* _WHAT TO PRODUCE_
Please reproduce all entries word for word, leaving every image behind.

* _INPUT MATERIAL_
★ ★ ★ ★ ★

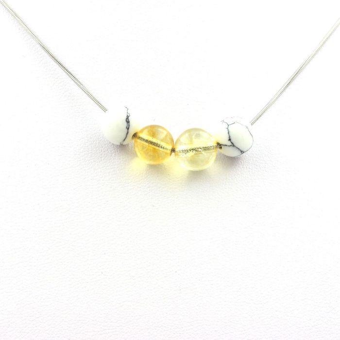 Pierres et Minéraux. Collier 4 perles Citrine + Howlite 8 mm Chaine en acier inoxydable.
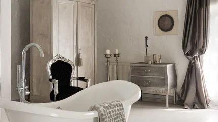 Just because your vanity furniture is freestanding doesn't mean it will work for this trend. The key is to aim for vanities that aren't built-in, yet have enough character and design appeal that they could work outside the bathroom as well. Rather than designs that are ultra-sleek and modern, antique styles with unique details or vintage characteristics will feel more like furniture and less like a bathroom station. In order to choose the perfect bathroom vanity, it's important to consider function, but style is also a big aspect. Many vanities work as a focal point in the bathroom, and the design you choose can set the tone for the entire room, with vintage styles offering some character-rich benefits. Think about the kind of mood you want that "character" to bring in. A dark, carved piece can make a small bathroom feel moody, whereas a lighter, painted cabinet with ornate legs might read more airy and romantic.
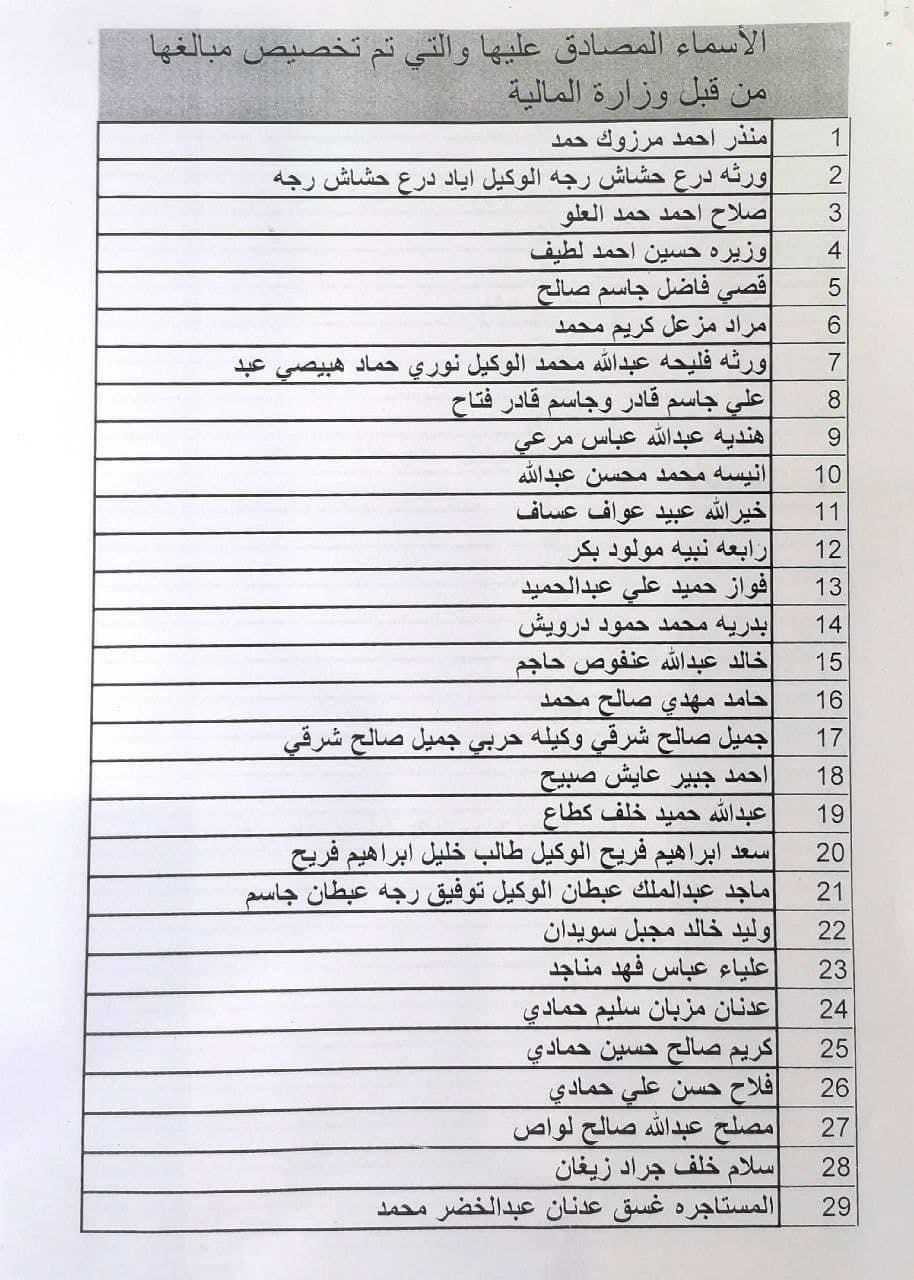 واضافت، ان “وزارة المالية خصصت المبالغ النقدية لأغراض الصرف وستوزع الصكوك هذا الاسبوع، عبر الوحدات الادارية في الاقضية”.
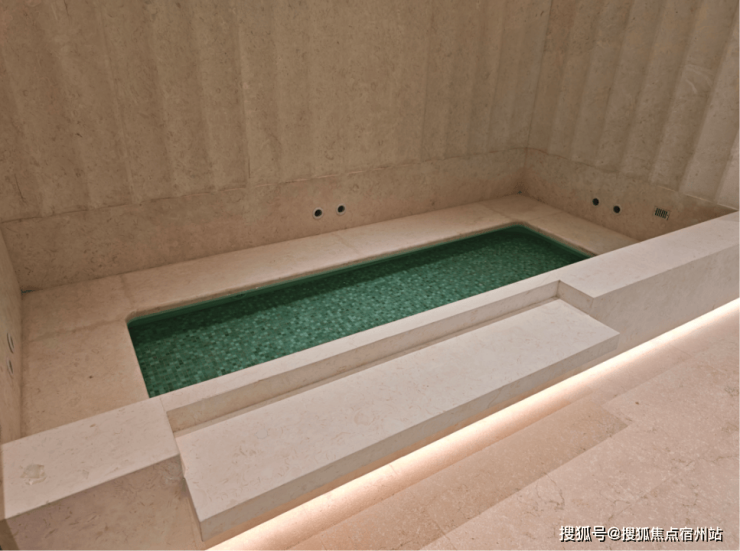 在泳池的区域背后做了一个「放松池」。如果业主游泳累了或者是健身累了,都可以在这里放松按摩,这里带有按摩功能,用来放松肌肉是一绝。
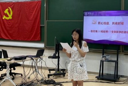 最后,经博20党支部青年委员、团支部书记郑怡青代表党团班集体宣读了《同心抗疫,共克时艰——致经博20和经博17全体同学的倡议书》,号召同学们遵守校园疫情防控各项要求,筑起一道坚实的青春防线。
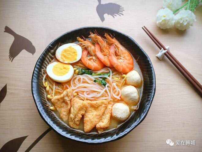 这道小吃也称 “福建面”,秘诀尽在以猪骨和虾头熬制的香浓高汤里。
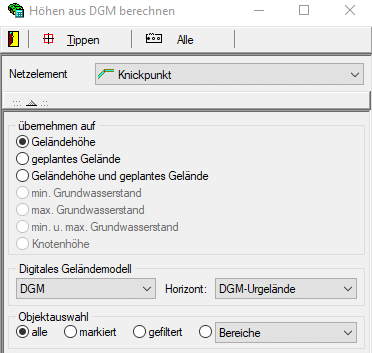 - Berechnen, Höhen aus DGM: Die geplante Geländehöhe kann jetzt auch an Knickpunkten berechnet werden. Screenshot
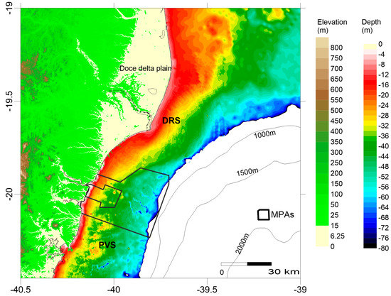Digital Terrain model of the study region. Continental data was obtained from Topodata database (http://www.dsr.inpe.br/topodata/), and bathymetrica data was digitized from sounding sheets provided by the Brazilian Hydrographic Office. The seabed morphology has a spatial resolution of 200m along the continental shelf. PVS: Paleovalley Shelf; DRS: Doce River Shelf. Datum is WGS 84.
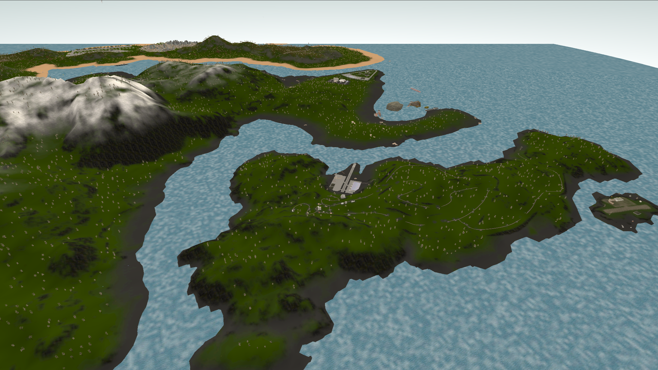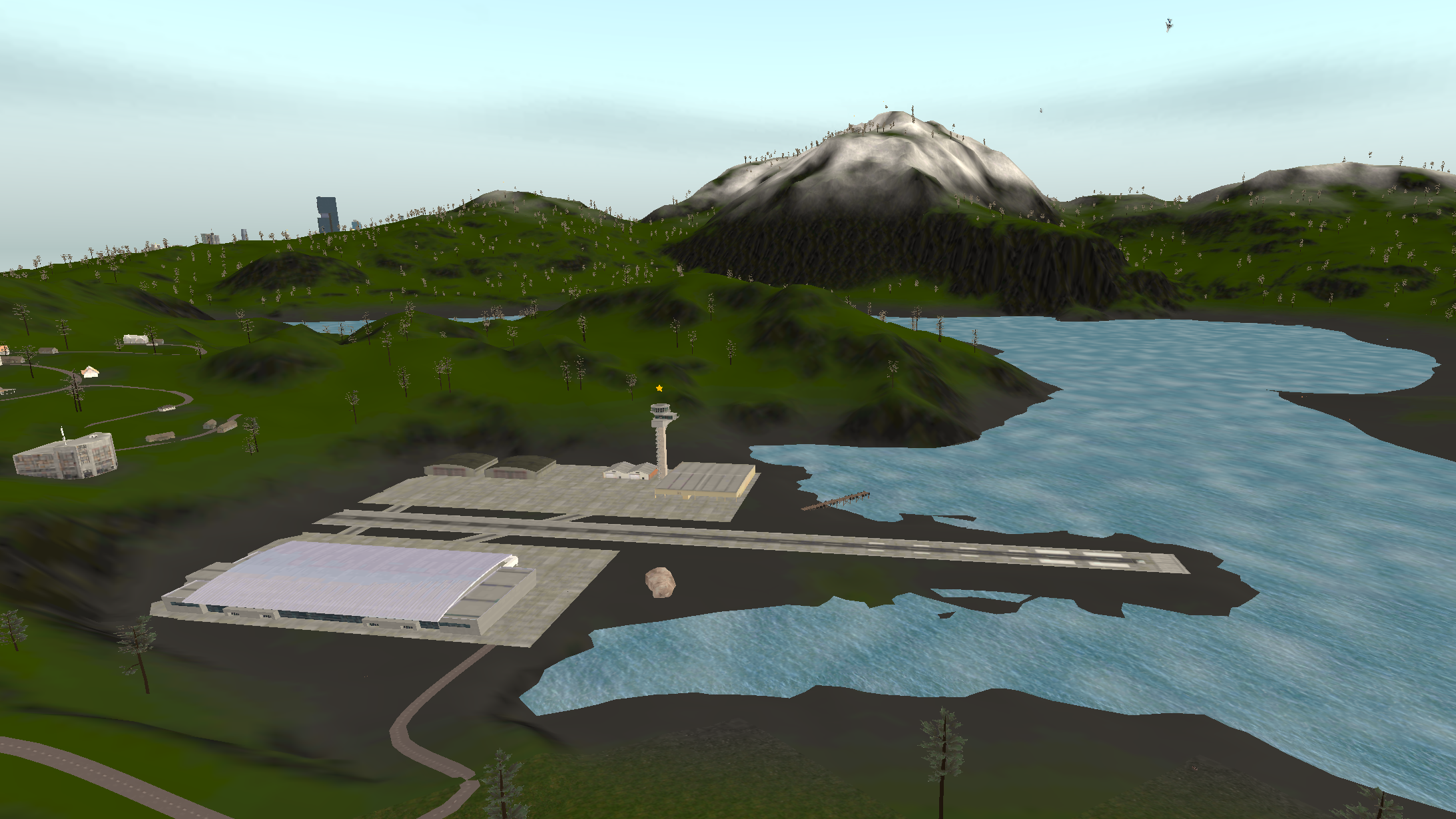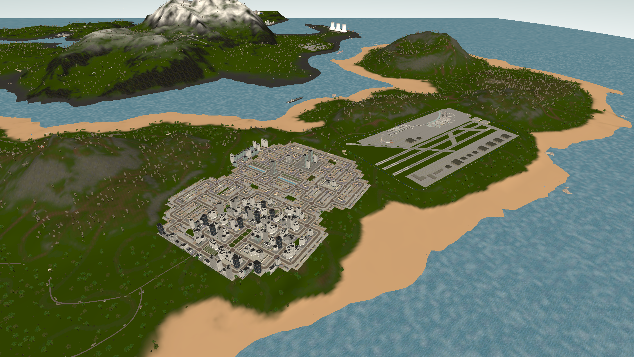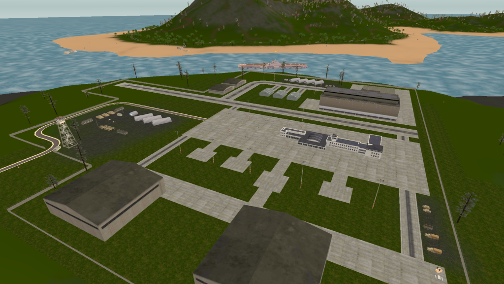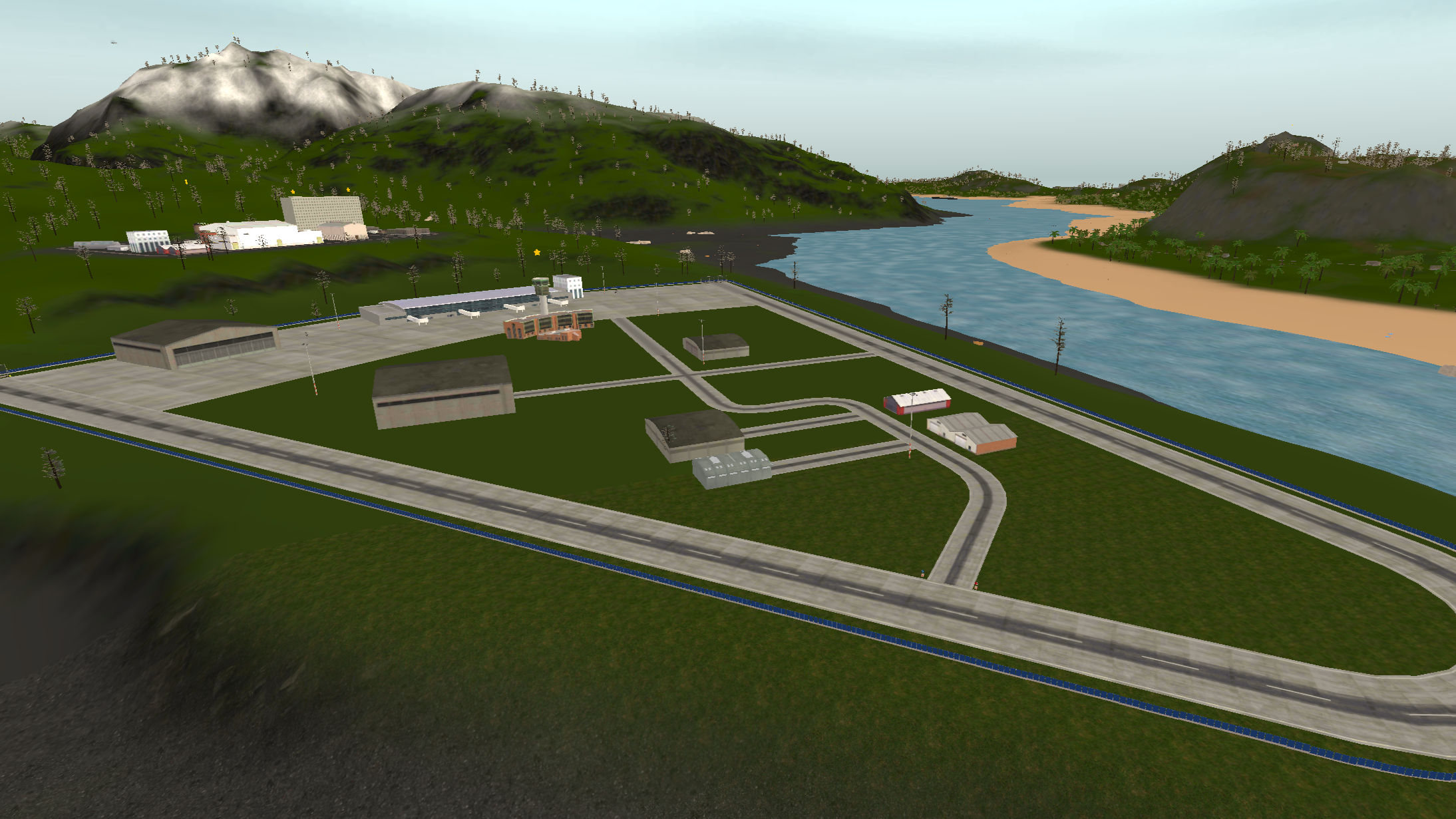 Island 2 is considerably larger than island 1, having a three-lane complex airport near a big city. There are two mountain ranges with one of them having a short dirt airfield on it and the other one having a military campsite. The road network almost covers all the landmass with buildings on the curbside.

★ ★ ★ ★ ★

* _RESULT OF THIS EXERCISE_
 Pierres et Minéraux. Collier 4 perles Citrine + Howlite 8 mm Chaine en acier inoxydable.
 Just because your vanity furniture is freestanding doesn't mean it will work for this trend. The key is to aim for vanities that aren't built-in, yet have enough character and design appeal that they could work outside the bathroom as well. Rather than designs that are ultra-sleek and modern, antique styles with unique details or vintage characteristics will feel more like furniture and less like a bathroom station. In order to choose the perfect bathroom vanity, it's important to consider function, but style is also a big aspect. Many vanities work as a focal point in the bathroom, and the design you choose can set the tone for the entire room, with vintage styles offering some character-rich benefits. Think about the kind of mood you want that "character" to bring in. A dark, carved piece can make a small bathroom feel moody, whereas a lighter, painted cabinet with ornate legs might read more airy and romantic.
 واضافت، ان “وزارة المالية خصصت المبالغ النقدية لأغراض الصرف وستوزع الصكوك هذا الاسبوع، عبر الوحدات الادارية في الاقضية”.
 在泳池的区域背后做了一个「放松池」。如果业主游泳累了或者是健身累了,都可以在这里放松按摩,这里带有按摩功能,用来放松肌肉是一绝。
 最后,经博20党支部青年委员、团支部书记郑怡青代表党团班集体宣读了《同心抗疫,共克时艰——致经博20和经博17全体同学的倡议书》,号召同学们遵守校园疫情防控各项要求,筑起一道坚实的青春防线。
 这道小吃也称 “福建面”,秘诀尽在以猪骨和虾头熬制的香浓高汤里。
 - Berechnen, Höhen aus DGM: Die geplante Geländehöhe kann jetzt auch an Knickpunkten berechnet werden. Screenshot
Digital Terrain model of the study region. Continental data was obtained from Topodata database (http://www.dsr.inpe.br/topodata/), and bathymetrica data was digitized from sounding sheets provided by the Brazilian Hydrographic Office. The seabed morphology has a spatial resolution of 200m along the continental shelf. PVS: Paleovalley Shelf; DRS: Doce River Shelf. Datum is WGS 84.
 Island 2 is considerably larger than island 1, having a three-lane complex airport near a big city. There are two mountain ranges with one of them having a short dirt airfield on it and the other one having a military campsite. The road network almost covers all the landmass with buildings on the curbside.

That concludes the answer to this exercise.